HTTP request sent, awaiting response... 200 OK
Length: 84492294 (81M) [application/x-gzip]
Saving to: ‘sratoolkit.2.9.6-1-ubuntu64.tar.gz’


2020-02-03 06:57:30 (79.5 MB/s) - ‘sratoolkit.2.9.6-1-ubuntu64.tar.gz’ saved [84492294/84492294]

--2020-02-03 06:57:35--  https://sra-download.ncbi.nlm.nih.gov/traces/sra50/SRR/010646/SRR10902284
Resolving sra-download.ncbi.nlm.nih.gov (sra-download.ncbi.nlm.nih.gov)... 165.112.9.231, 165.112.9.232, 165.112.9.238
Connecting to sra-download.ncbi.nlm.nih.gov (sra-download.ncbi.nlm.nih.gov)|165.112.9.231|:443... connected.
HTTP request sent, awaiting response... 200 OK
Length: 82543031 (79M) [application/octet-stream]
Saving to: ‘SRR10

## Fastq class to process the fastq file

In [0]:
# py4javaerror happen when the path of the file is not correct
!pip install pyspark[sql]

from __future__ import print_function
from functools import wraps
import pyspark as spark
from pyspark import SparkConf
import time
from operator import add
import os 
from subprocess import STDOUT, check_call, check_output



class Fastq:
    def __init__(self, path:str) -> str:
        self.path = path
        self.install_java_scala()
        self.stop_context()
        self.sc = spark.SparkContext.getOrCreate(conf=self.set_conf())
        self.data = self.sc.textFile(self.path)

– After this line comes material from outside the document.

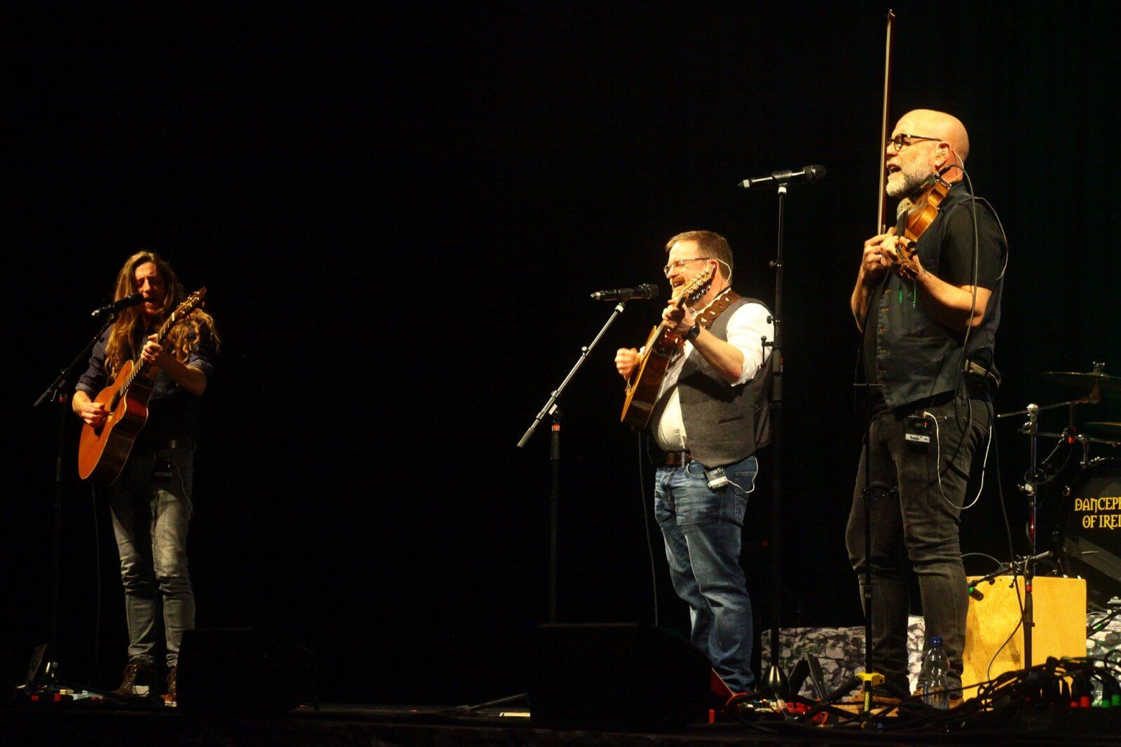 Drei Bands waren es wieder, die einander ablösend und am Schluss zusammenspielend den Abend bestritten. Den Anfang machten Cua aus dem irischen County Laois, bestehend aus John Davidson (Gesang, Geige), Shane Booth (Gesang, Gitarre) und Ros O’Meara (Gesang, Bouzouki, Gitarre), Letzterer übrigens aus Schottland. Ihre Musik überraschte durch viele Stile, die einander umschlangen und durchdrangen – von rustikalen Arbeitsliedern und Einlagen, die an Country erinnerten, über Songs, die von den Beatles hätten sein können bis zu einem bisweilen sehr schrägen, geradezu jazzigen Geigenspiel, das an Hölderlin Express erinnerte oder aber, wie im Stück „Black Dog“, an ungarische Musik. Vor allem aber war es der mehrstimmige Gesang aus kräftigen Männerkehlen, der wohl als Hauptmarkenzeichen gelten konnte. Allerdings scheinen die drei bisweilen sehr verliebt in den Refrain zu sein, sodass man etwas mehr Text vermissen mochte, zum Beispiel bei der häufigen Wiederholung von „lit my soul on the way to the fire“, was sich aber dennoch gut anhörte und zum Mitsingen animierte.

    def stop_context(self):
        try:
          self.sc.stop()
        except:
          pass

    def set_conf(self):
        conf = SparkConf().setAppName("App")
        conf = (conf.setMaster('local[*]')
          .set('spark.executor.memory', '4G')
          .set('spark.driver.memory', '16G')
          .set('spark.driver.maxResultSize', '8G'))
        return conf

    def install_java_scala(self):
        try:
          java_ver = check_output(['java', '-version'], stderr=STDOUT)
        except:
          java_ver = b''
        try:
          scala_ver = check_output(['scala', '-version'], stderr=STDOUT)
        except:
          scala_ver = b''
        if b'1.8.0_232' not in java_ver:
          java_8_install = ['apt-get', '--quiet', 'install',
                            '-y', 'openjdk-8-jdk-headless']
          java_set_alt = ['update-alternatives', '--set', 'java', 
                          '/usr/lib/jvm/java-8-openjdk-amd64/jre/bin/java' ] 
          check_call(java_8_install, stdout=open(os.devnull, 'wb'), 
                     stderr=STDOUT)
          os.environ["JAVA_HOME"] = "/usr/lib/jvm/java-8-openjdk-amd64" 
          check_call(java_set_alt)  
        if b'2.11.12' not in scala_ver:
          scala_install = ['apt-get', '--quiet', 'install', 'scala']
          check_call(scala_install)
          

    def _logging(func):
        @wraps(func)
        def log_print(instance, *args, **kwargs):
          start = time.time()
          res = func(instance, *args, **kwargs)
          print("Finished Executing {}  in {}s!".format(func.__name__, time.time() - start))
          return res
        return log_print

    @_logging
    def get_data(self):
        return self.data


    @_logging
    def count_bases(self):
      seqs = self.extract_seq()
      seqs = seqs.flatMap(lambda line: list(line)) 
      seqs = seqs.map(lambda c: (c, 1))
      return seqs.reduceByKey(lambda a, b: a+b)#\
            #  .map(lambda c: (c, 1)) \
            #  .reduceByKey(lambda k1, k2: k1 + k2)
      # counts.saveAsTextFile('outputs')
      # print("saved output")

    @_logging
    def extract_seq(self):
        return self.data.filter(lambda x: x.isalpha())

    @_logging
    def get_lengths(self):
        seqs = self.extract_seq()
        return seqs.map(lambda x: len(x))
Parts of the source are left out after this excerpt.